Na gut ich bin halt kein richtiger "Brotvernichter", aber dafür "Rindfleischliebhaber". Wenn ich wüßte, wo es in Wien besseres Rindfleisch (z.B. Tafelspitz) gibt . . . aber bis dahin gehe ich gerne (besonders in der Garten-Zeit) zum Renner.

31. Mär 2017, 13:36·Gefällt mir

Einige der großen Speisen kann man bei normalem Appetit ohne Weiteres zu zweit essen.

21. Nov 2015, 08:26·Gefällt mir

@seb, für 1190 sind die Preise gemäßigt.......

20. Nov 2015, 17:41·Gefällt mir

Gemäßigte Preise? Beim Renner?

20. Nov 2015, 15:49·Gefällt mir

Süßer Senf? Bitte gebt mir den Gnadenschuss!!!

4. Mai 2015, 23:03·Gefällt mir1

Süßer Senf, Zwiebel, Gurkerl, Karotte, Speck... Nix Röhre sondern nach dem Anbraten raus, Wurzelgemüse rein, pürieren und dann Rouladen wieder rein und fertig dünsten...

4. Mai 2015, 21:36·Gefällt mir

Ich bestreiche mit scharfem Senf, dann kommen ganz klein gehackte Zwiebel- und Gurkenstückchen, einige ganz dünn geschnittene Karottenstreifchen und hauchdünne Streifen von gelber Rübe dazu. Einrollen, mit Küchenschnur umwickeln und ab in die Röhre. Dazu gibt es meist Dralli (kleine Spiralen).

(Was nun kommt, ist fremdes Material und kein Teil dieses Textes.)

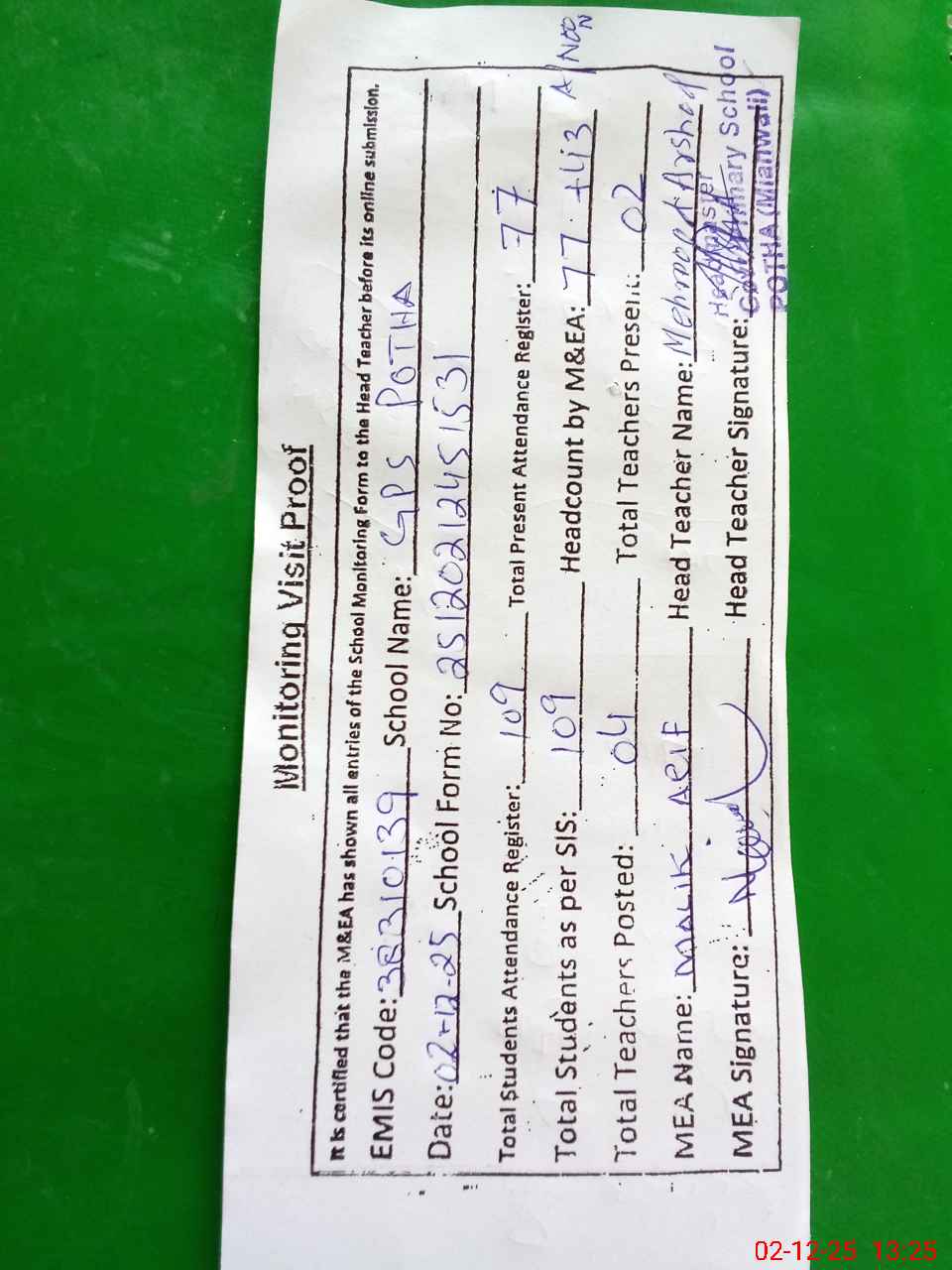 | Attendance Register | Head Teacher | MEA with School | Visit Proof |
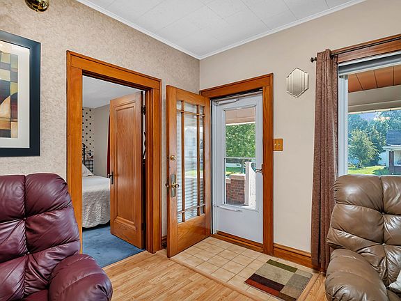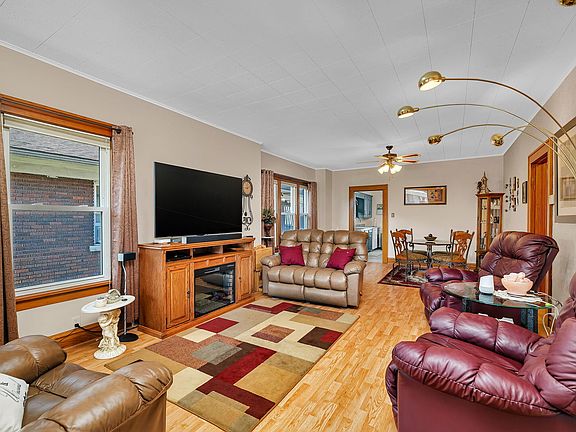Welcome to this absolutely adorable brick bungalow, full of charm and stylish updates! A cozy front porch invites you in, perfect for morning coffee or evening chats. Step inside to a bright and airy living room with a seamless dining room combo-ideal for everyday living and entertaining. The cheerful kitchen shines with gorgeous original stained cabinets, ample counter space, and natural light that makes it a joy to cook in. The updated main floor bathroom features a sleek tile shower, granite countertops, and a newer vanity for a modern touch. With two comfortable bedrooms on the main floor and a spacious attic flex room perfect for a home office, playroom, or guest space, this home adapts to your lifestyle. The finished basement offers a large recreational room, an additional full bathroom, and plenty of storage. Outside, enjoy the deck with a retractable awning for shade on sunny days, plus a lovely patio-ideal for relaxing or hosting friends. A single-car garage adds convenience and a 15'x10' shed adds extra storage. This delightful home blends classic charm with thoughtful updates-come fall in love! New roof and garbage disposal in 2025, updated kitchen and new dishwasher in 2024, bathroom remodeled in 2020 and newer vinyl windows throughout and new garage door with remote control.
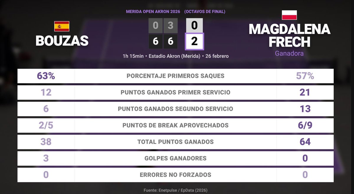Jessica Bouzas Maneiro 0 - 2 Magdalena Frech: resumen y estadísticas del partido de Merida Open Akron (WTA) - EUROPA PRESS (2026)
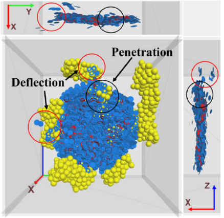 基于Voronoi網絡結構的三維DEM礫巖數字模型與流固耦合壓裂算法相結合能實現精準的裂縫擴展過程計算。圖3為礫巖壓裂模擬結果與實驗結果對比圖,兩者均體現了穿礫及繞礫兩種遇礫擴展模式。
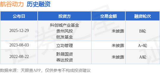 证券之星消息,根据天眼查APP于12月29日公布的信息整理,贵州航谷动力科技有限公司B轮融资,融资额未披露,参与投资的机构包括科创城产业基金,贵州风投,航发基金。
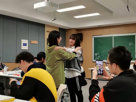 主题班会由闫煜城同学主持,经过全体班委会成员的精心策划,班会上开展了击鼓传花、歌曲接龙、拍腿起舞、真心话大冒险等一系列游戏活动。击鼓传花快速调动气氛,笑声过后是开心快乐的回味;拍腿起舞是反应能力的考验,即使被拍也依旧欢乐不减;真心话坦诚相告,击碎秘密的屏障,拉进心与心的距离;大冒险紧张刺激,挑战自我,增进同学间的感情。游戏结束后,主持人为获胜的同学颁发奖品给予鼓励。会后,主持人号召同学们之间拉进距离,彼此亲近,共同度过难忘的老员工活,并宣布班会结束。
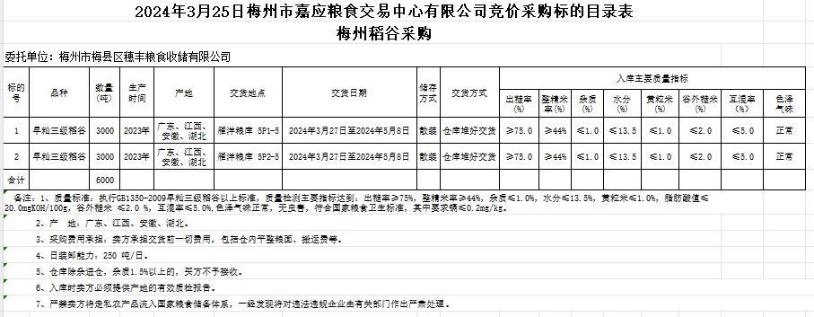 受客戶委托,梅州市嘉應糧食交易中心有限公司定于2024年3月25日(星期一)舉辦糧食競價交易會。梅州市梅縣區(qū)穗豐糧食收儲有限公司擬采購2023年產早秈稻6000噸。

13. Apr 2015, 17:31·Gefällt mir

Meine Wurzeln liegen auch anderswo. Mutti's Rouladen hatten Gurkerl in sich. Wird aber wohl wirklich an den jeweiligen Regionen liegen.

13. Apr 2015, 10:39·Gefällt mir

Das ist eine regionale Sache (bin kein Urwiener ;-) ). In die Rindsrouladen, die es zu Hause gab, kamen Senf, Zwiebel und Speckwürfel (nicht durchzogen), sonst nichts.

13. Apr 2015, 10:25·Gefällt mir

@bertl: Essiggurkerl gehören m.E. in die klassische Rindsroulade schon rein.